Williams et al presented two cases of biopsy-proven facial follicular mucinosis (FM), apparently induced by infliximab, with a normal tissue CD4/CD8 ratio of 2/1 and the presence of CD7, thereby ruling out CTCL. The first case was a 23 year-old man with Crohn disease; the other patient was a 16 year-old girl with polyarticular juvenile arthritis. Both developed a positive ANA with a negative dsDNA. The girl also had positive anti-histone antibodies. Infliximab was discontinued in both patients — his lesions resolved with the use of intralesional corticosteroids, and she responded to isotretinoin. The authors note that drug-induced FM has been reported with other drugs (imatinib, oxcarbemazepine, captopril, dextromethorphan). Follicular mucinosis has been previously reported in association with SLE, and lupus may present as dermal mucinosis. The appearance of a reversible lupus-like syndrome with TNF-a inhibitors is well known (1). The authors’ hypothesis that the TNF-a induced autoantibodies leading to increased deposition of glycoaminoglycans is plausible, cogent, and spot-on.

While I completely agree with their conclusion, are other factors are at play? For example, whenever mucin is present, I always think it is necessary to rule out autoimmune thyroid disease and check a SPEP. Grice et al reported a case of generalized FM in a 44 year-old woman who became hypothyroid following RAI treatment of Graves disease (2). TSH-regulated TNF-a receptors are present in thyroid tissue. Perhaps infliximab or anti-infliximab antibodies may have been responsible for the development of hypothyroidism in a patient with sarcoidosis treated with infliximab (3). Lesiak et al reported the case of a 66 year-old psoriatic woman with a history of hypothyroidism, who developed dermal mucinosis following treatment with infliximab and adalimumab, and ultimately ustekinumab. The timing of the mucinosis suggested that the TNF-a inhibitors were responsible (4).

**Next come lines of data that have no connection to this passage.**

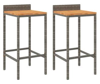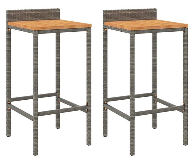 Barski stoli, 2 kosa, sivi, poli ratan in trden akacijev les
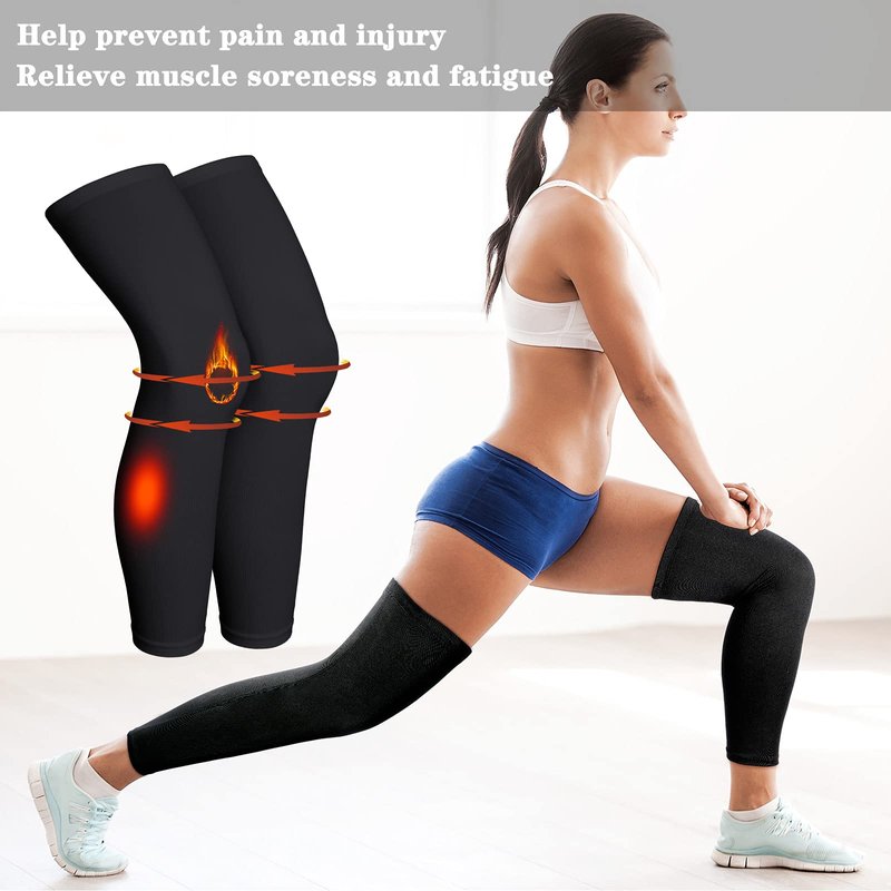 - Practical outdoor sport sleeve: compression full leg sleeves are designed to help you get the support you need to be comfortable day and night, helping you prevent pain such as leg pain, tibial splints, leg pinching, muscle soreness, fatigue, swelling, varicose veins and spider veins, etc, Note: please check the size list carefully before buying; The leg sleeve material is elastic; If you want more compress, you can buy a smaller size
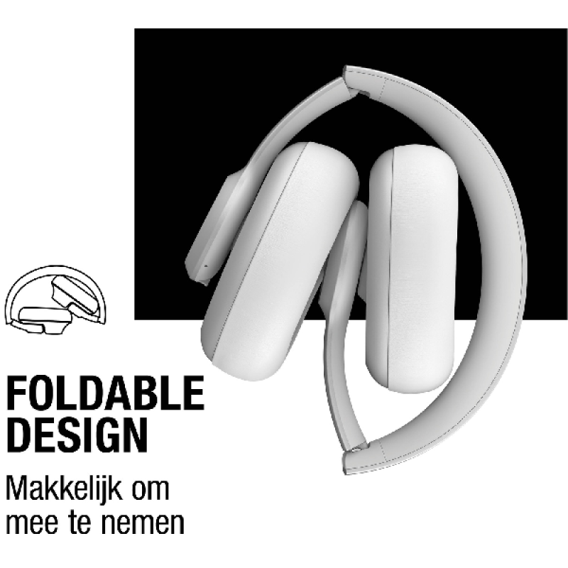 Deze draadloze over-ear hoofdtelefoon is bijzonder comfortabel om te dragen. Zijn siliconen hoofdband en zachte vegan lederen oorkussens nemen vocht op zodat je hem de hele dag ongehinderd kunt dragen. Het handige design zorgt daarnaast dat je hem kunt opvouwen en gemakkelijk kunt opbergen in je tas als je deze even niet meer nodig hebt. Het apparaat maakt gebruik van Bluetooth 5.2 om draadloos verbinding te maken met je device. Het is voorzien van een volumewieltje waarmee je eenvoudig het geluidsniveau kunt regelen. Met de intuïtieve knop aan de voorkant van de oorschelp kun je het afspelen regelen en je spraakassistent activeren.

In conclusion, we should be vigilant for mucinoses in patients treated with TNF-a inhibitors, including FM. We must not wall off any new theories regarding the pathogenesis of this phenomenon.

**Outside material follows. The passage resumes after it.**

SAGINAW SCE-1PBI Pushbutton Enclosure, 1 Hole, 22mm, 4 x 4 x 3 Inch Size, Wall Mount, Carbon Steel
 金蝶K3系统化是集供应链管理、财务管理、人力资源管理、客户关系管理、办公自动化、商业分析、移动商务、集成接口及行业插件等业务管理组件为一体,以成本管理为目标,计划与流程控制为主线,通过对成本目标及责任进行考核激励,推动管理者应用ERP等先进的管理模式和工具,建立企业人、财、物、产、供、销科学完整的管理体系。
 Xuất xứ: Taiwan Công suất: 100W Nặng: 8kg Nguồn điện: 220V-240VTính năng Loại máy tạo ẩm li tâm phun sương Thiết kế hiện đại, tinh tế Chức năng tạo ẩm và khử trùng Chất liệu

1. Williams RF, et al. Infliximab-induced follicular mucinosis of the face. Int J Dermatol 2016; June 23 [Epub ahead of print].
2. Grice K, et al. Generalized follicular mucinosis with myxaedema. Proc R Soc Med 1968; 61: 717-20.
3. Cerniglia B, Judson MA. Infliximab-induced hypothyroidism: A novel case and postulations concerning the mechanism. Case Rep Med 2013: 2013:216939.
4. Lesiak A, et al. Can biologic treatments induce cutaneous focal mucinosis? Postepy Dermatol Alergol 2014; 31: 413-6.